As a March 2023 report from the Chicago Council on Global Affairs and The Rockefeller Foundation says, “While these stark, evidence-based reminders of what is at stake can weigh us down with inertia…. it can also spark actions and mobilize resources and lead to embracing disruptive new thinking and solutions”.[2]

For starters, let us flip the imperative of needs.

  • Where are the people who are most at risk of hunger?
  • Who are they?
  • What do they need?

People living in the midst of war need war to end. That is imperative number one. Only specific people and governments can influence this.
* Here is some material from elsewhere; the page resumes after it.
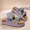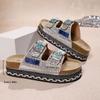 2025 neue Außenhandel Dicksohlen Hanfseil Doppelschnalle Strass Kork Strand-Slipper Übergröße Damenschuhe Europäischer und amerikanischer Stil

Let us encourage them to begin.

People living in conflict need help today, yes, but they also need the resilience of programming into sustainable options for tomorrow. A recent report from The Rockefeller Foundation encourages “localization” – funding that is given to local organizations for their decisions and management. Despite any reasonable ideas in this paper or stated or funded by any one of us outside a crisis area, the most workable solutions are those that will be based in the community, not in a capital.[3]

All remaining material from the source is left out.